After fighting for Pan’s life for over two months, Smyth realized that existing in his weakened state had become a burden to her beloved dog.  One night, after he went missing, she finally found him in the dark of her garden, where he lay spent, on wet grass. Her decision was made. The veterinarian came the next day and Pan followed him to a spot he loved in the garden, lying down as Smyth instructed. Stroking his head, she told him “the old, old news that he was a beautiful dog. Indeed, his head had never lost the noble outline nor his face the matchless sweetness and dignity of expression.” And then he was put gently to sleep.

So great was Smyth’s grief over the loss of Pan that she decided to write about him in her autobiography, “in the hope of thereby drawing a few sharp thorns out of my heart and partly to join hands with those traveling the same road, and make them feel they were not alone in their sorrow.”

Smyth was addressing many of her compatriots in writing so passionately in her memoirs about her dogs. Victorian England, in the view of some scholars, was the place and time when the family dog as we know it today was “invented.”  In well-to-do families, the home became an oasis of domestic bliss, and dogs, no longer relegated to back yards or kennels, lived in well-maintained residences, lying in the sun and dozing by the fireside. Owners mourned the death of their dogs, just as Smyth did, time after time.

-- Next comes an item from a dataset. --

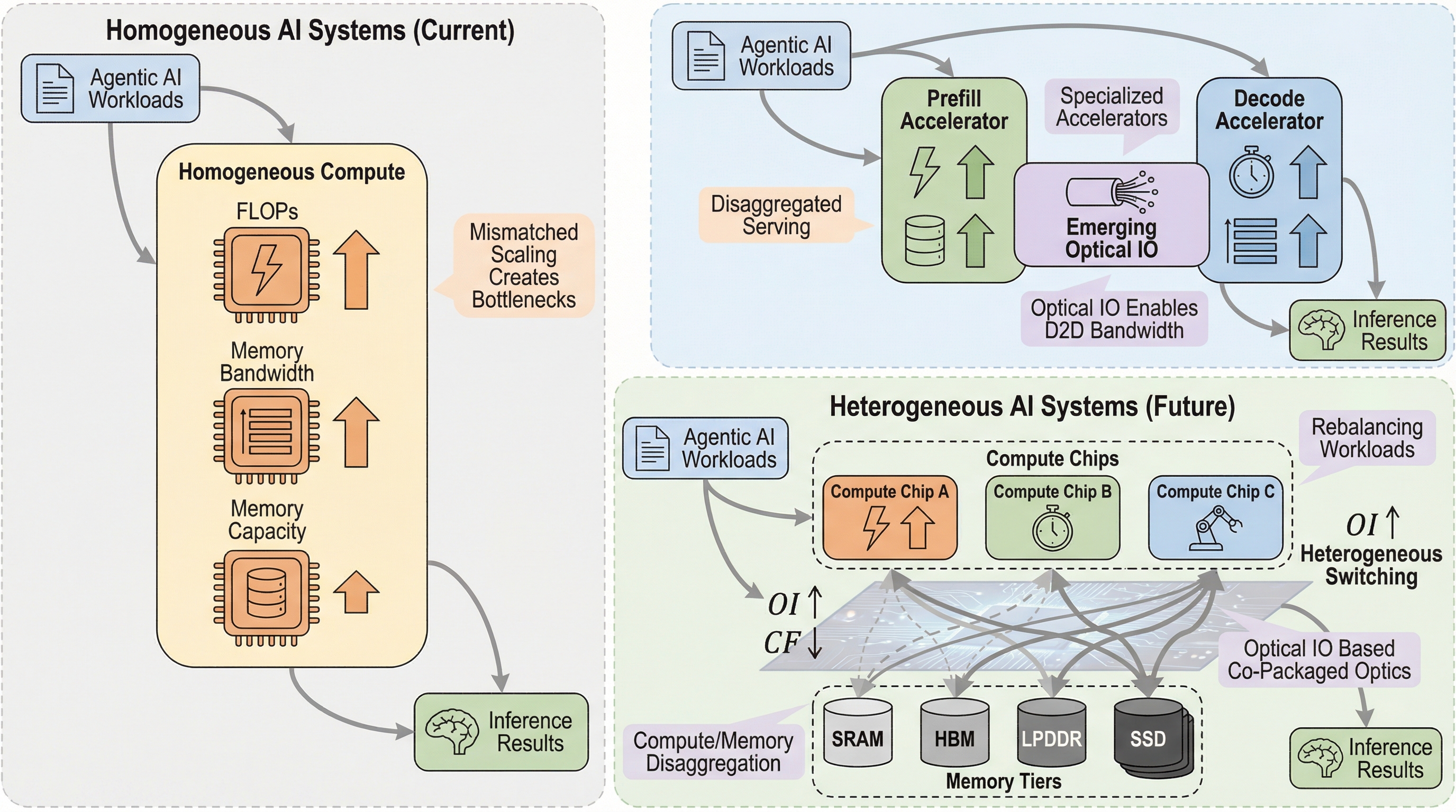 AIエージェントの普及により推論負荷が急増しており、従来のGPU中心の均一なインフラではメモリ帯域幅と容量の限界(メモリの壁)に直面するため、計算・ネットワーク・メモリの全域にわたるシステムレベルの異種(ヘテロジニアス)構成への移行が不可欠である。 本論文は、演算強度(OI)と容量フットプリント(CF)という2つの指標を定義し、チャットボットやコーディング、コンピュータ操作といった異なるエージェントの特性を分析することで、既存のルーフラインモデルでは捉えきれなかったメモリ容量の制約が推論効率を著しく低下させている実態を明らかにした。 解決策として、プリフィル(入力処理)とデコード(生成)の分離、光インターコネクトによる計算とメモリの分散配置、およびハードウェアとモデルの共同設計を提案しており、これにより多様なエージェントのワークロードに対して柔軟かつ高効率なスケーリングを可能にする次世代のAIデータセンター像を提示している。

Ethel Smyth’s career as a composer spanned more than a half-century.  She wrote a total of six operas (including the librettos), as well as orchestral works, concertos, chamber music, sonatas and vocal music. Tchaikovsky was one of her admirers, and George Bernard Shaw claimed that Smyth’s music “cured me for ever [sic] of the delusion that women could not do man’s work in all things.” Over the year her fame grew, and her support of other women composers helped bring their work before the public.

On her 75th birthday, Smyth was celebrated in a festival, the final event of which was held at Royal Albert Hall in the presence of Queen Mary, who named her a Dame of the British Empire. By then the composer was completely deaf, unable to hear her own music being performed or the great enthusiasm of the audience.

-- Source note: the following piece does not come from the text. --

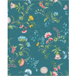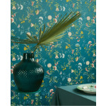 Donkerblauw vliesbehang met op de voorgrond bloemen in het blauw, roze, groen en geel en op de achtergrond staan bloempatronen in het lichtglanzend blauw. Het behang past goed op slaapkamer en meidenkamers maar kan ook leuk staan in showrooms en etalages. Het behang is goed te combineren met witte muren. Voor een extra spectaculair effect kan je dit behang ook goed met goud kunnen combineren.
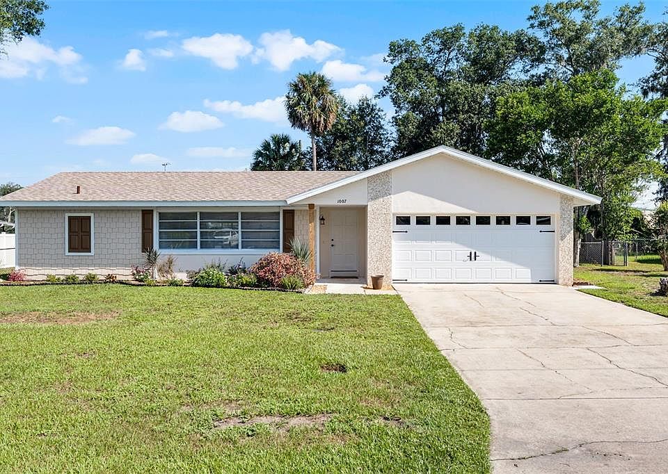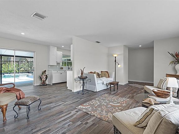 Fully renovated and truly turn-key, this 4-bedroom, 2-bath DeLand home is ready for its new owner! Step inside to discover a spacious living area highlighted by a large picture window that fills the space with natural light. The open layout flows seamlessly into the kitchen, featuring sleek stone countertops, stainless steel appliances, and a dining area ideal for family meals or entertaining guests. The split-bedroom floorplan provides privacy in the primary suite, complete with an updated vanity and a modern stand-alone shower. On the opposite side of the home, you’ll find three additional bedrooms and a full bathroom with a tub/shower combo—perfect for family or guests. Sliding glass doors lead you to your own private outdoor oasis. Enjoy the sparkling screened-in pool and spa, a covered patio for lounging or dining, and a large fenced yard offering plenty of space to relax, play, or entertain. Located in the desirable Live Oak Park community with no HOA, sitting on over a quarter acre, this home is just minutes from historic downtown DeLand, local shopping, restaurants, and has convenient access to I-4—making it easy to reach the Orlando attractions to the west or the beaches to the east. Don’t miss the opportunity to make this updated pool home yours!

But Ethel Smyth was not one to give up on life, and her last years were devoted to writing—10 books in all.  One of them:  “Inordinate (?)  Affection: A Story for Dog Lovers,” written in 1936, was devoted to stories, photographs, and portraits of her six dogs, from Marco on.

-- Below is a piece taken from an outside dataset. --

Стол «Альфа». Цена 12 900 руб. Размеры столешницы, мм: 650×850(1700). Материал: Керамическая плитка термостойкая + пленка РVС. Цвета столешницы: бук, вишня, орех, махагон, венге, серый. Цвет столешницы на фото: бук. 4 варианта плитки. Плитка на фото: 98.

In that book, she wrote that she had learned early on that the best way to recover from the death of a beloved dog was to obtain another one—as quickly as possible. So, after Pan IV’s death, she took on the care of her last dog, which had been a gift from several young nieces and nephews. A “ravishingly pretty” seven-and-one-half week-old Sheepdog puppy, he was coal black with white chest, face and paws, and with large bones that foretold an impressively large adulthood. As of that writing, the mischievous Pan V was learning some manners but was still capable of theft: specifically, removing Smyth’s false teeth from the cupboard and disappearing with them. She found them the next day, gleaming in the sun unharmed, next to the trunk of a birch tree.

Ethel Smyth died in 1944 at the age of 86.  After years of being a footnote in music history, she is achieving belated renown in performances and recordings. Her last major piece, “The Prison,” a vocal symphony, was recorded for the first time anywhere by Chandos and is a 2021 Grammy Winner.